**Input material**
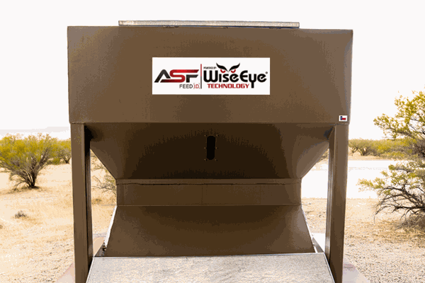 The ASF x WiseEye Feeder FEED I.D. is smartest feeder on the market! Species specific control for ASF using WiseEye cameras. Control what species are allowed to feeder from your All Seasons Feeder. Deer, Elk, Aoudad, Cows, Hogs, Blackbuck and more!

---

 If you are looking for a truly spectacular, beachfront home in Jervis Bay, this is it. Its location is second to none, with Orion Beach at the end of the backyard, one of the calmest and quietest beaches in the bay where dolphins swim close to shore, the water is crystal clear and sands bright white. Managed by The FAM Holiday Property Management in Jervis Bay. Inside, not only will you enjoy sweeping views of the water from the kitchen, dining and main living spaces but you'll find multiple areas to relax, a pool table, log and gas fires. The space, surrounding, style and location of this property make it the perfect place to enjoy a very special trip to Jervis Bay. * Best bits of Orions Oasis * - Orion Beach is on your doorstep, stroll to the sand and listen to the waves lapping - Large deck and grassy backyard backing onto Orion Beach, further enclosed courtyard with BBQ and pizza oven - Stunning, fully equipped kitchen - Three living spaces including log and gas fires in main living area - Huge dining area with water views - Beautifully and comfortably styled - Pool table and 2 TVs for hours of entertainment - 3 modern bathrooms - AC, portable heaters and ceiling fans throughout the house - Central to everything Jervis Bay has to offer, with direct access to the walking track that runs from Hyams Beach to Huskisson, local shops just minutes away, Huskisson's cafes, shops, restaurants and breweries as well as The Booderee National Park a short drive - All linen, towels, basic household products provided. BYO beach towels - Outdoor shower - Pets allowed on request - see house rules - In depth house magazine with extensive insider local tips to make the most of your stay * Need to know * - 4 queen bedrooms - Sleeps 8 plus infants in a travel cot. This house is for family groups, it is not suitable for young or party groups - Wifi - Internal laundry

--

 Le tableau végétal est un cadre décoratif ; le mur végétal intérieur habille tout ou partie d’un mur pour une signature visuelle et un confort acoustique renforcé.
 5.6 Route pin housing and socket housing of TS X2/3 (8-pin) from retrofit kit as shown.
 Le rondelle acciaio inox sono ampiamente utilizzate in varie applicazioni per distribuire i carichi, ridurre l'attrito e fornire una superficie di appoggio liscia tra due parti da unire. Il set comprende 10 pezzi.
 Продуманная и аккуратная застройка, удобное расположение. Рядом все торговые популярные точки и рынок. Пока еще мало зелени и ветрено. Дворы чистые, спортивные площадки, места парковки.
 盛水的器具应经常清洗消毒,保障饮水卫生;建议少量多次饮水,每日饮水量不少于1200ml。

**Work required**
Produce a word-for-word copy of everything above from the line holding "Le tableau végétal" down to the line holding "盛水的器具应经常清洗消毒,保", with both of those lines kept.

**Final answer**
 Le tableau végétal est un cadre décoratif ; le mur végétal intérieur habille tout ou partie d’un mur pour une signature visuelle et un confort acoustique renforcé.
 5.6 Route pin housing and socket housing of TS X2/3 (8-pin) from retrofit kit as shown.
 Le rondelle acciaio inox sono ampiamente utilizzate in varie applicazioni per distribuire i carichi, ridurre l'attrito e fornire una superficie di appoggio liscia tra due parti da unire. Il set comprende 10 pezzi.
 Продуманная и аккуратная застройка, удобное расположение. Рядом все торговые популярные точки и рынок. Пока еще мало зелени и ветрено. Дворы чистые, спортивные площадки, места парковки.
 盛水的器具应经常清洗消毒,保障饮水卫生;建议少量多次饮水,每日饮水量不少于1200ml。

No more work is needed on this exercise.